• **Task instructions**
In the records below, find the line that contains "Pardini Model P.GP75" and the line that contains "A nagy átmérőjű, küllős". Set down exactly those lines and every line between them, and nothing more.

(Data records)
══════
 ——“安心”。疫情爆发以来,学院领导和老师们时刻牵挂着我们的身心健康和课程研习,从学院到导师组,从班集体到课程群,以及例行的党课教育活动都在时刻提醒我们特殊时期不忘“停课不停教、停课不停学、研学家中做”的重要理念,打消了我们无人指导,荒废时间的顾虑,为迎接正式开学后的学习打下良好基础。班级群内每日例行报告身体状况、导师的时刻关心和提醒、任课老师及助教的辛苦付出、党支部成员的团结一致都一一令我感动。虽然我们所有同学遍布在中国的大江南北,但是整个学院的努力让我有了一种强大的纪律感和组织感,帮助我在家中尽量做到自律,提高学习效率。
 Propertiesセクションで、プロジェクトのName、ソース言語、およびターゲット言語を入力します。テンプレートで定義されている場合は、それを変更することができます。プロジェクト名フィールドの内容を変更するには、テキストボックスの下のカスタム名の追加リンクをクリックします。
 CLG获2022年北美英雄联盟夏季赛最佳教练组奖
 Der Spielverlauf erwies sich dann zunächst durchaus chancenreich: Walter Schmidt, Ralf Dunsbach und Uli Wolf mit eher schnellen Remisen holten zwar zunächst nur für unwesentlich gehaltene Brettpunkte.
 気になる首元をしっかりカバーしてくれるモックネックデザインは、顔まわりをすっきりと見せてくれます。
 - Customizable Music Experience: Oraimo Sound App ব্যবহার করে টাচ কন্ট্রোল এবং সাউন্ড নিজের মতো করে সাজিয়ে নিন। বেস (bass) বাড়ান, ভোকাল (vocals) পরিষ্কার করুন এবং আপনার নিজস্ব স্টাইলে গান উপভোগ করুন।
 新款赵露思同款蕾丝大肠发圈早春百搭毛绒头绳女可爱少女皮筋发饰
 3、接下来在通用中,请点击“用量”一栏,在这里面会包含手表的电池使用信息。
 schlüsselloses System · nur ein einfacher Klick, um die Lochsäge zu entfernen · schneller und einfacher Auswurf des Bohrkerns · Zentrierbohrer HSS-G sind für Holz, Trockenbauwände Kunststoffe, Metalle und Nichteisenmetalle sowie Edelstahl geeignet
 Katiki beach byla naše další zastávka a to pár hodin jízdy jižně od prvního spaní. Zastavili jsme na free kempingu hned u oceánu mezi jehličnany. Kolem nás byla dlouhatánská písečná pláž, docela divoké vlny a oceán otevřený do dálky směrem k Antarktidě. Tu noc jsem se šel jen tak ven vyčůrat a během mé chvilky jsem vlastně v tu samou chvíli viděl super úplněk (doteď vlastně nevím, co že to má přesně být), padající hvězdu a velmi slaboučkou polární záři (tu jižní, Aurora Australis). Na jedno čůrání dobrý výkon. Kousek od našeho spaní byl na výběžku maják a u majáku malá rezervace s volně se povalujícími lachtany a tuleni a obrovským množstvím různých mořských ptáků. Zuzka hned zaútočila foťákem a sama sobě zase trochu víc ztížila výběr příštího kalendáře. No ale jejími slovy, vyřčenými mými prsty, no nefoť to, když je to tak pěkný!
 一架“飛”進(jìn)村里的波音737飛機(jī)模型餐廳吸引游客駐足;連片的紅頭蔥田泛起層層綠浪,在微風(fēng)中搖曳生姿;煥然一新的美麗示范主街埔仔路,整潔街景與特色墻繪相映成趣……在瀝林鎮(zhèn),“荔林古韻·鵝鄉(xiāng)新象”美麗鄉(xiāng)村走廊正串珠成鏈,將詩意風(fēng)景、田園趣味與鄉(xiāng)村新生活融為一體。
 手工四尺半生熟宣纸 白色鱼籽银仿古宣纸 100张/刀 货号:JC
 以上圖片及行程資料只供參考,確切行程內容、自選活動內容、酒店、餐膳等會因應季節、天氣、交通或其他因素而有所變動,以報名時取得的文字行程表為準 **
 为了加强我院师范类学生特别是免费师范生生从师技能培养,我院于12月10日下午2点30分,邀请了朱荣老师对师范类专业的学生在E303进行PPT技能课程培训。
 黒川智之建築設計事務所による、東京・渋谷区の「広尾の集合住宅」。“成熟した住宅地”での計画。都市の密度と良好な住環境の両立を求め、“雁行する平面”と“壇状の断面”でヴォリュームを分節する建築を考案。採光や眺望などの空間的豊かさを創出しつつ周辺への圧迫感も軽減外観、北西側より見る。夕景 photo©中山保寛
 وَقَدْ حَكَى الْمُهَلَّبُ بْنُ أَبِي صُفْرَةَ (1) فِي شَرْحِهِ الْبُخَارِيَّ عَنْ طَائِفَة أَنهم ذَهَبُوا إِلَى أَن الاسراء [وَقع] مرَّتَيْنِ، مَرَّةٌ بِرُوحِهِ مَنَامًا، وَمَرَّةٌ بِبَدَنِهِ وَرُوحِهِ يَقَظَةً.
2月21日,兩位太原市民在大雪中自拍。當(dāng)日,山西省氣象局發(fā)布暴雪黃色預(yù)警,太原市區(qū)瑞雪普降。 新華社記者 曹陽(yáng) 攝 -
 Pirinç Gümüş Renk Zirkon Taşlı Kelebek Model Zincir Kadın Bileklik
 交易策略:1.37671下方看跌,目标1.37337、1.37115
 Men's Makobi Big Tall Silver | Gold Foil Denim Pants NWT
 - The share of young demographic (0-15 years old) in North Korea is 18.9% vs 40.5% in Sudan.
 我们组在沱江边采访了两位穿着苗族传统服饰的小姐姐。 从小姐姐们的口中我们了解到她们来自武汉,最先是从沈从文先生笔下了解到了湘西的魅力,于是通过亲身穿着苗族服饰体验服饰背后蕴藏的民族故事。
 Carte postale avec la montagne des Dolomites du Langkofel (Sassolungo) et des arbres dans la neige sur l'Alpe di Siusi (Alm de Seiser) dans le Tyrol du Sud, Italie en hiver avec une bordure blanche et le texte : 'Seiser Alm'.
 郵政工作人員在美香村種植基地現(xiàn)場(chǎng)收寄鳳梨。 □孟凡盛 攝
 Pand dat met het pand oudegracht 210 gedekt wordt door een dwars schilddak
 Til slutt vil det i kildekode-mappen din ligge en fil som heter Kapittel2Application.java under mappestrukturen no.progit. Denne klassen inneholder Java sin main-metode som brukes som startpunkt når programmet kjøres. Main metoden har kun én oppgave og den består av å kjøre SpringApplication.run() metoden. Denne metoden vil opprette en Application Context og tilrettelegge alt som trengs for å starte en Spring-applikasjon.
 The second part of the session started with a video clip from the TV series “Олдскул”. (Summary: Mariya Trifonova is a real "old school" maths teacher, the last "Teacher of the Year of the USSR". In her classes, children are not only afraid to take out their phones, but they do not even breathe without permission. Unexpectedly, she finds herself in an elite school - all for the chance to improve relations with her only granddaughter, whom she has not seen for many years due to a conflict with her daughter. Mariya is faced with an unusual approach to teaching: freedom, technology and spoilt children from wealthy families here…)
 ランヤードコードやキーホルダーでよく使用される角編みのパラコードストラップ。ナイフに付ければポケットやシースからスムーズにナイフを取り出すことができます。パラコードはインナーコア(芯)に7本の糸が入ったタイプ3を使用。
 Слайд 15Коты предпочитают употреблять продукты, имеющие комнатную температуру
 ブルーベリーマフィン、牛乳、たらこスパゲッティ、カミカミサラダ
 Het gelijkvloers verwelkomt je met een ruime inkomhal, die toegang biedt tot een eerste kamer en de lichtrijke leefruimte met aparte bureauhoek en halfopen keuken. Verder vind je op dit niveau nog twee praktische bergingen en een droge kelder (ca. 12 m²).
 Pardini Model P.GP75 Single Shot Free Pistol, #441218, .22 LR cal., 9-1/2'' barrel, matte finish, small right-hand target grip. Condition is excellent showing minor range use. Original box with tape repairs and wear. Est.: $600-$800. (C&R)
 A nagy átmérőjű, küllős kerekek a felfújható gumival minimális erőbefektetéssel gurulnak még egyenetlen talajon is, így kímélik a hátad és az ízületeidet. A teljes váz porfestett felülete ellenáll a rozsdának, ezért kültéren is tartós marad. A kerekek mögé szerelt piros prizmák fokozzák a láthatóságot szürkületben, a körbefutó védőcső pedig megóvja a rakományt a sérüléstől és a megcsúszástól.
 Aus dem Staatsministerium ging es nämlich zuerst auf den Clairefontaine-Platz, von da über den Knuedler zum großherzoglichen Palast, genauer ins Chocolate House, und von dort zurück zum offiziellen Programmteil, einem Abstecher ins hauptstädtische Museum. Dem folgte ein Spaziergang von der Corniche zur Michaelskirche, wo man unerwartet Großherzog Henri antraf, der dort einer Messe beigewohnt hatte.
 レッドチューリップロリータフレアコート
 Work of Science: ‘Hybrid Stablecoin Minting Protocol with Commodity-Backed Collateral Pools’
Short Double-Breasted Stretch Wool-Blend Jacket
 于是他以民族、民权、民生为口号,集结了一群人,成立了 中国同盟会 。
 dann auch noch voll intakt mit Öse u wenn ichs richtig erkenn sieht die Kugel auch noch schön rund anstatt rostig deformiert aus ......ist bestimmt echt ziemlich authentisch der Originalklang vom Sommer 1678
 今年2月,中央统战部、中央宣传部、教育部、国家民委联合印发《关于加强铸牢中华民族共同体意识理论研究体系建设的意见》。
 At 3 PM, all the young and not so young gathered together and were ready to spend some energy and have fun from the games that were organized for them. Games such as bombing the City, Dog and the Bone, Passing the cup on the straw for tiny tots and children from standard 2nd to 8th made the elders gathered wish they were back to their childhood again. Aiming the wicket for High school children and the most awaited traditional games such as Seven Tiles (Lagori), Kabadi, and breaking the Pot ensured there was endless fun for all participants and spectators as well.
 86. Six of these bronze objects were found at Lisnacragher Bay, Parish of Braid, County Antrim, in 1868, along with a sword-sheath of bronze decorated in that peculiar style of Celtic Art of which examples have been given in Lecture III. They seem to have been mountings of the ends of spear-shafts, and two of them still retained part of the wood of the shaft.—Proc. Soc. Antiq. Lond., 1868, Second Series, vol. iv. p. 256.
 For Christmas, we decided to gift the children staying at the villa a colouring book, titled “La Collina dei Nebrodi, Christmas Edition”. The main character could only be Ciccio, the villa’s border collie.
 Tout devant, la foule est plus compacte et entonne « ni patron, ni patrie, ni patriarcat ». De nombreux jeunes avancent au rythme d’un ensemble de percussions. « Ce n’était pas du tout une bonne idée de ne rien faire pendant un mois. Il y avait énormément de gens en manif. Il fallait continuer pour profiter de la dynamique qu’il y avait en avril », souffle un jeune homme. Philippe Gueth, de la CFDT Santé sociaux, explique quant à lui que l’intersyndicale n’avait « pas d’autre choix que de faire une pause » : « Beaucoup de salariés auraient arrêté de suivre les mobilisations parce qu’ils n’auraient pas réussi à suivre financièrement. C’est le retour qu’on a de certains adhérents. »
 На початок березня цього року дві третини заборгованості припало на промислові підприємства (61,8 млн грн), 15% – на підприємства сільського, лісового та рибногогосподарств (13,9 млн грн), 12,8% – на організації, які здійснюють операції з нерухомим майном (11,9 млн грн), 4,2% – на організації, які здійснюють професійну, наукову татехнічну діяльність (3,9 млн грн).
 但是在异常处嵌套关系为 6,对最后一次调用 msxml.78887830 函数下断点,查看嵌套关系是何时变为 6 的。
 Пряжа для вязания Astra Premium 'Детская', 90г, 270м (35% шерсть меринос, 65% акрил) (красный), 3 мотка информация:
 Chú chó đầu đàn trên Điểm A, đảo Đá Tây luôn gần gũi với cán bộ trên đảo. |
══════
• **Solution for this task**
 Pardini Model P.GP75 Single Shot Free Pistol, #441218, .22 LR cal., 9-1/2'' barrel, matte finish, small right-hand target grip. Condition is excellent showing minor range use. Original box with tape repairs and wear. Est.: $600-$800. (C&R)
 A nagy átmérőjű, küllős kerekek a felfújható gumival minimális erőbefektetéssel gurulnak még egyenetlen talajon is, így kímélik a hátad és az ízületeidet. A teljes váz porfestett felülete ellenáll a rozsdának, ezért kültéren is tartós marad. A kerekek mögé szerelt piros prizmák fokozzák a láthatóságot szürkületben, a körbefutó védőcső pedig megóvja a rakományt a sérüléstől és a megcsúszástól.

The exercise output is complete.